Turning to particular markets, it is worth paying attention to Israel which is the largest exporter of cyber products after the US. Israeli companies exported $6 billion (USD) in cyber-related products and services in 2014. The latest data from Israel's National Cyber Bureau (NCB) shows a surge in cyber exports from US $3 billion in 2013 to $6 billion in 2014. According to NCB, this figure constitutes about 10% percent of the estimated $60 billion global cyber market.
The Asia-Pacific mobile security market is expected to garner $7.5+ billion by 2020, registering a CAGR of nearly 43% during 2015 to 2020, according to Forbes.
Owing to more and more people sharing sensitive financial data for buying and selling online, hackers and online identity thieves are constantly on the prowl to steal and misuse funds whenever possible. The mobile revolution has made the mobile security sector one of the fastest-growing spaces in the cybersecurity industry. As hackers become more and more imaginative in the ways to get to users’ financial data through loopholes, FinTech is also looking for advanced ways to change the way traditional cyber defense systems work.
One of the examples is the Israeli BioCatch that developed a device-based patent working with the use of touch and the phone’s accelerometer to authenticate mobile device users. The company’s focus is to equip the online business industry with a product that helps to fight against advanced cyberthreats. The privately owned and rapidly growing BioCatch is pushing biometrics technology to the next level through a unique approach.
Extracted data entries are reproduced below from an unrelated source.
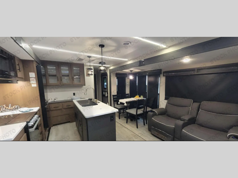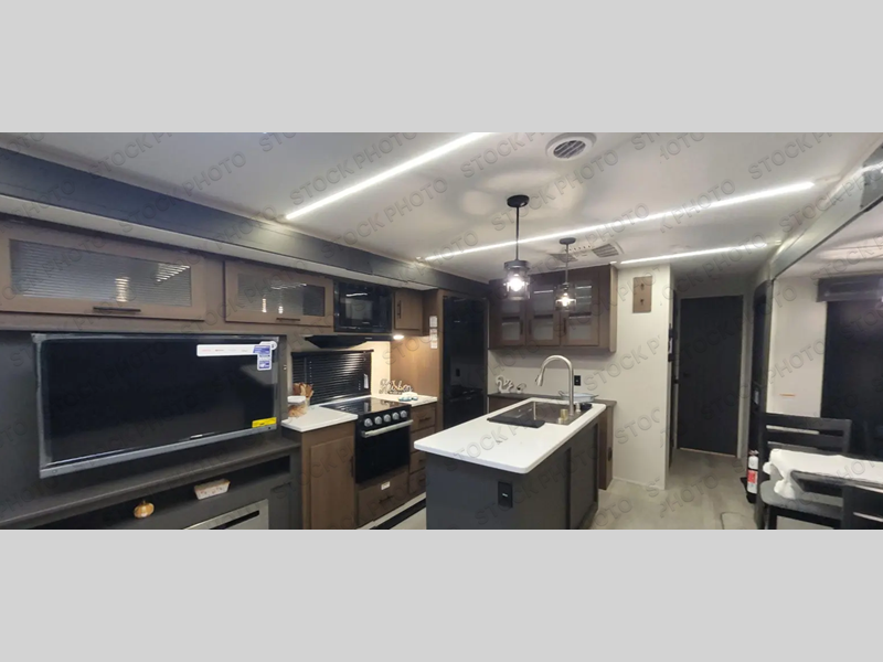 You will love camping in this travel trailer that includes dual opposing slides for maximum space and comfort. The kitchen island in the combined kitchen and living room will bring your whole space together, and the chef is sure to appreciate the hutch/coffee bar, 12V refrigerator, and three burner cooktop to make meals each day. Your guests can sleep on the rear king-size tri-fold hide-a-bed sleeper or the second tri-fold hide-a-bed sofa sleeper. This model also includes a full bath to get cleaned up in each day and a front private bedroom, complete with a Maxx king bed with underbed storage, plus a wardrobe with two drawers below for ample storage space!
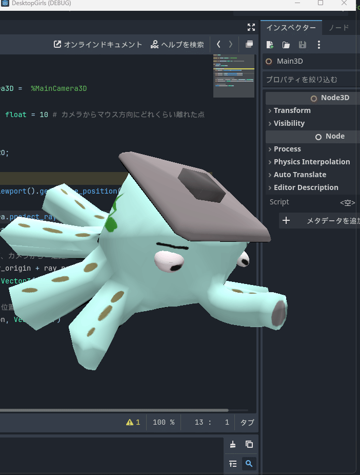 こちらはChara(Node3D)ノードについているものです。マウスをget_viewport().get_mouse_position()
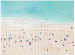 Construcția față-verso aduce bucurie dublă la asamblare. O față surprinde o plajă animată cu vizitatori care se bronzează, cealaltă dezvăluie oceanul turcoaz și lumea subacvatică.
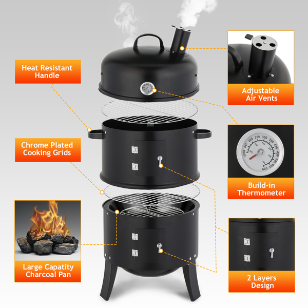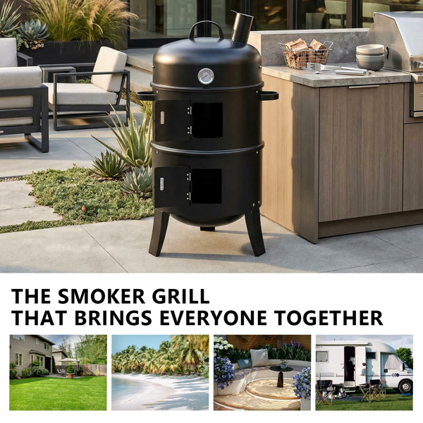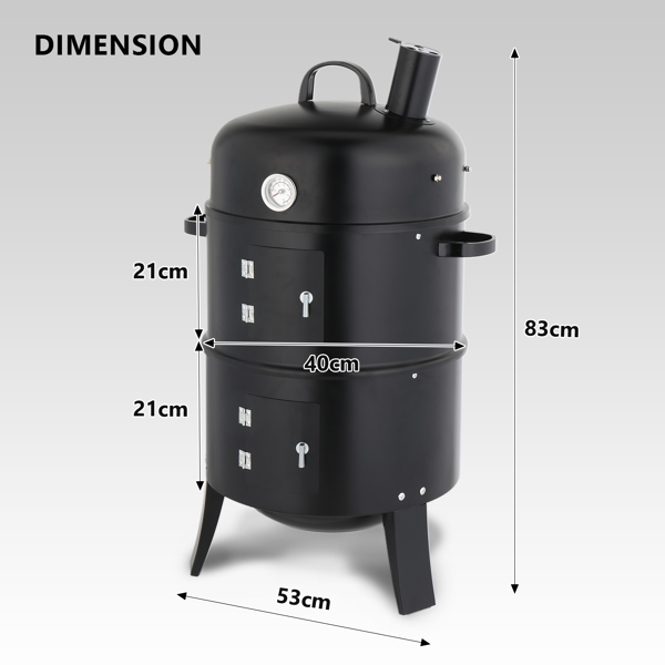 • 43×52×85 cm compact cylindrical smoker, ideal for backyard and outdoor smoking.
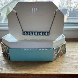 This stunning necklace by BP features elegant blue stones set in a sleek design. Perfect for adding a touch of sophistication to any outfit.
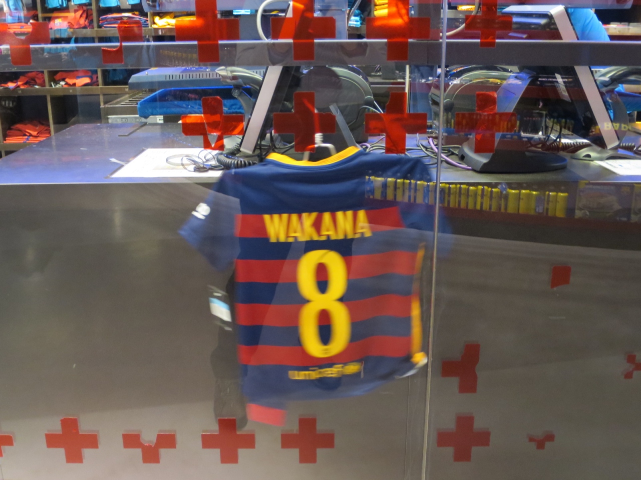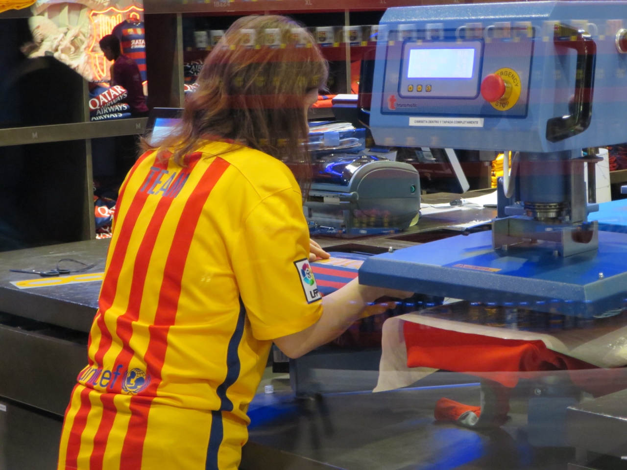 おすすめは、市内&空港にバルサ・ショップがありますが、ここで(下のフロア、1F)しか入手にすることが出来ない「好みの名前、背番号」をウェアにプリントしてくれるサービス(有料)です。
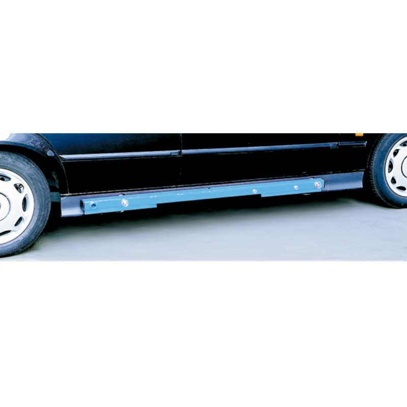 Versátil útil para adaptación de taloneras para vehículos de las marcas Mercedes Benz y BMW. Se regula de forma que se puede adaptar a distintos modelos. Una vez montado, permite sujetar la carrocería al banco de tiro o bien a la escuadra para poder efectuar la reparación de la misma. Es muy fácil de utilizar ya que con los mismos bulones de sujeción que dotan al aparato, éstos se montan en los agujeros de debajo de la carrocería.
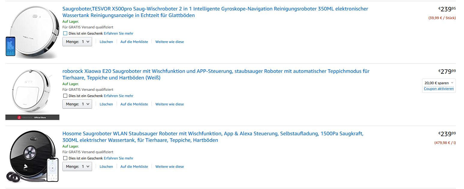 Ich suche zurzeit einen Saugroboter mit Wischfunktion. Ich will es in 2 Zimmer mit Laminatboden verwenden. Die Räume sind recht klein(etwa 4-5m²). Ich kann etwa 200€ ausgeben. Falls es sich wirklich lohnt, kann ich etwas drauflegen. Ich habe den ZACO V5sPro im Auge sowie den MEDION MD 18379.
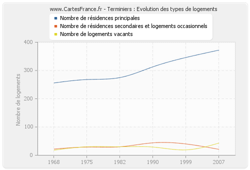 - Nombre de résidences principales de Terminiers en 2007 : 372
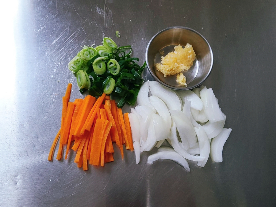 채 썬 당근, 양파, 다진마늘을 모두 넣고
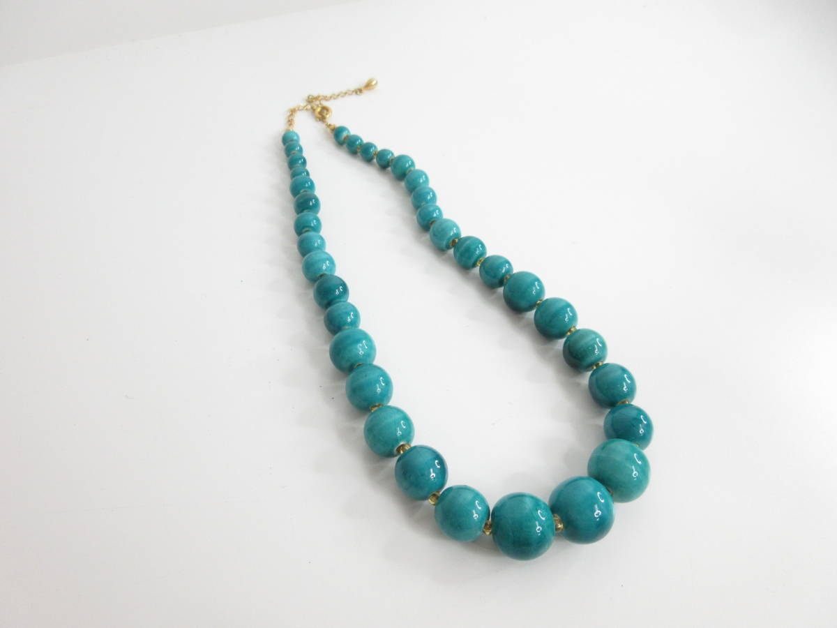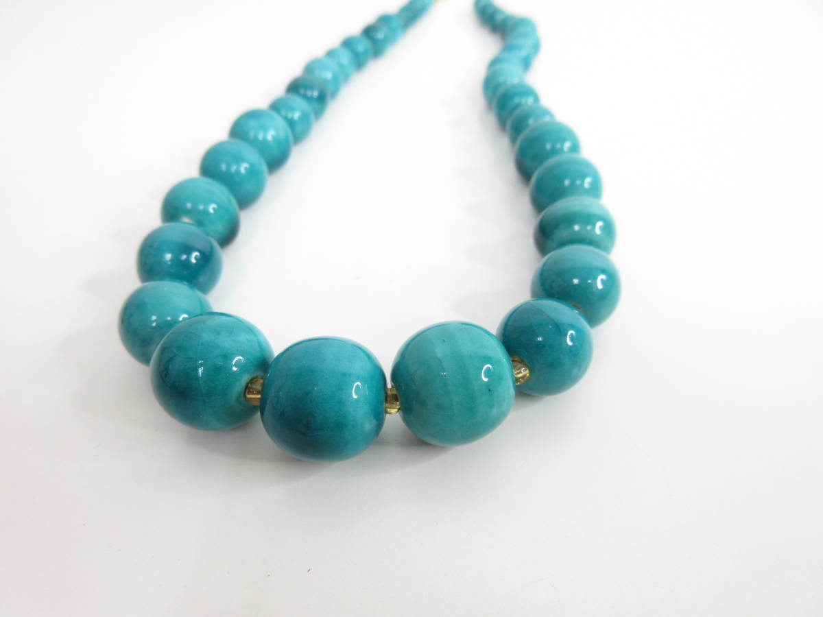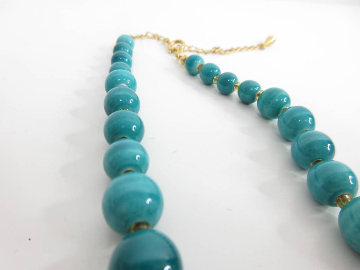 極美品◆九谷焼 九谷泉八 ネックレス ブルー 35連玉 伝統 工芸品 ペンダント グラデーション 40センチ 調整可 管理2003 R-1
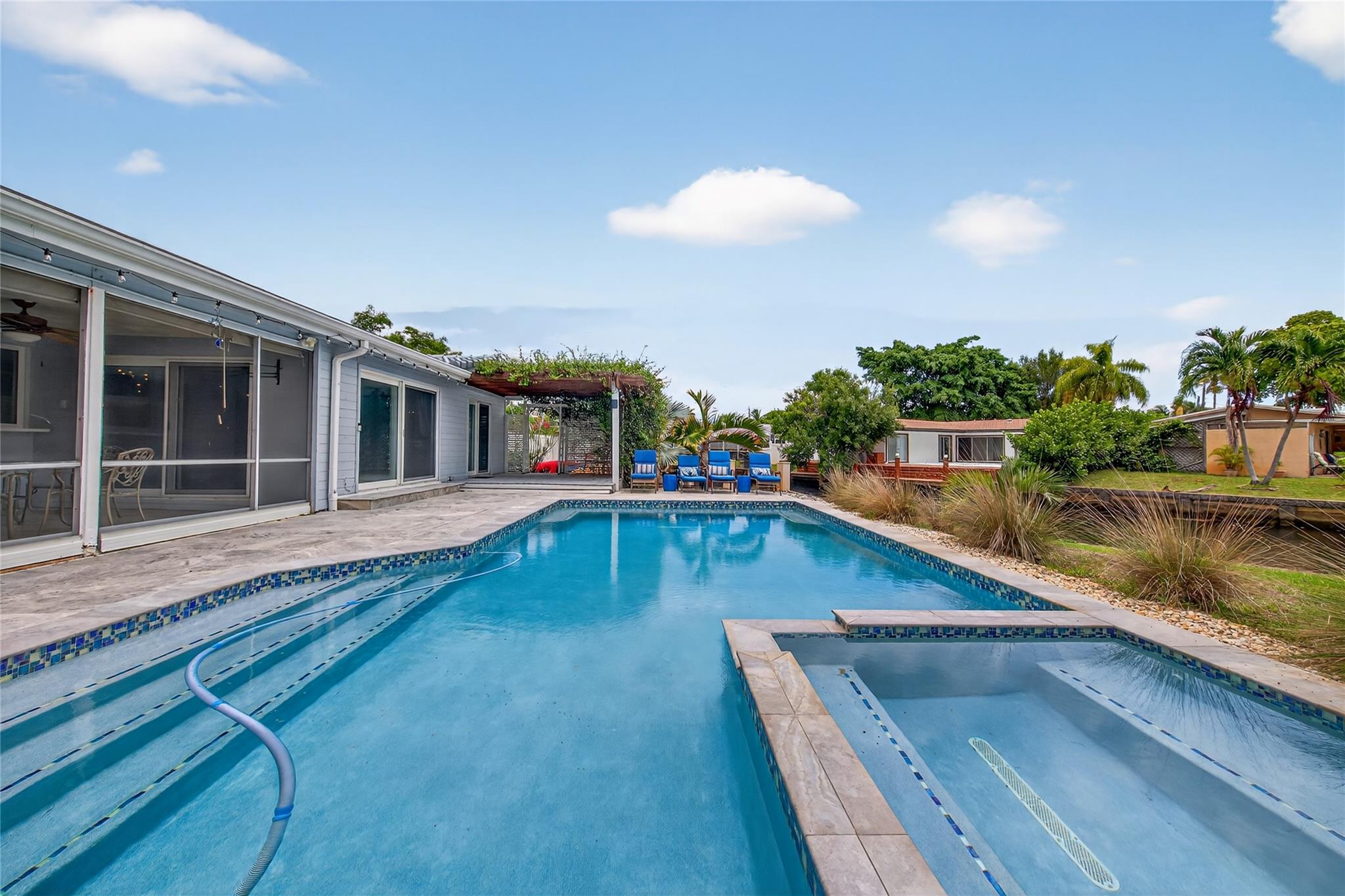 Back on market. Buyers financing fell through. Your waterfront oasis awaits! This canal-front home offers a spacious open floor plan, and an abundance of natural light through impact windows and sliders. Nestled at the end of a tranquil cul-de-sac, this corner lot boasts beautiful water views. Enjoy seamless indoor-outdoor living in the roomy screened-in back porch, on the private pergola deck or in the brand new heated pool w/ spa, perfect for entertaining or unwinding. The kitchen features a convenient pass-through window to the porch, making hosting a breeze. Convenient location to shopping, park, and highways.
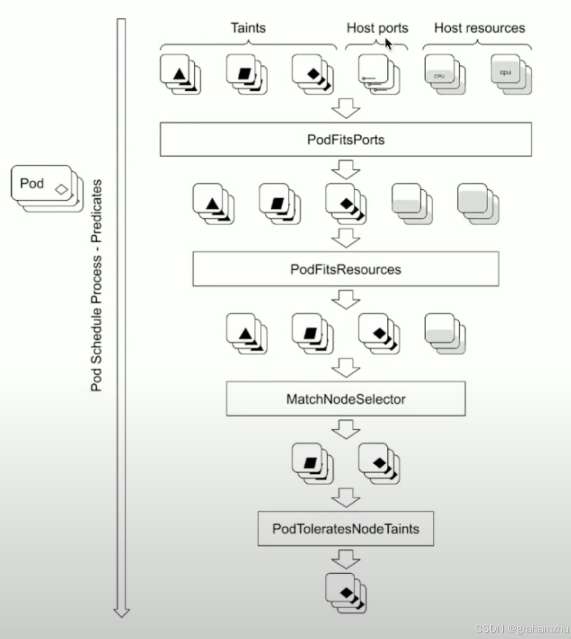 - 在 Kubernetes v1.15 及更早版本中,Predicates 阶段的规则是顺序执行的。每个 Predicate 规则依次对候选节点进行过滤,只有通过所有规则的节点才能进入下一阶段。例如:

Another example is BehavioSec, one of the hottest FinTech startups from the Nordic countries. The Sweden-based BehavioSec Inc. represents an interesting combination of behavioral science, math and technology. The company transforms behavior into a transparent additional level of security by monitoring the way users interact with their devices in real time. The interaction pattern is contextualized. Technology can recognize if a conflicting user is operating a device by monitoring the environment, rhythms and interactions patterns that are unique to a particular user. The technology is currently deployed at over 20 retail banks protecting over 11 million users and over 500 million transactions per year. The level of accuracy is 99.7%. Until now, the company has raised $8.19 million.
There are more examples of FinTech startups looking to fight modern fraudsters with imaginative solutions. However, cybercriminals are not going to pause the development of innovative malware either and 2016 may still not be the year when cybercrime will be pushed back once and for all.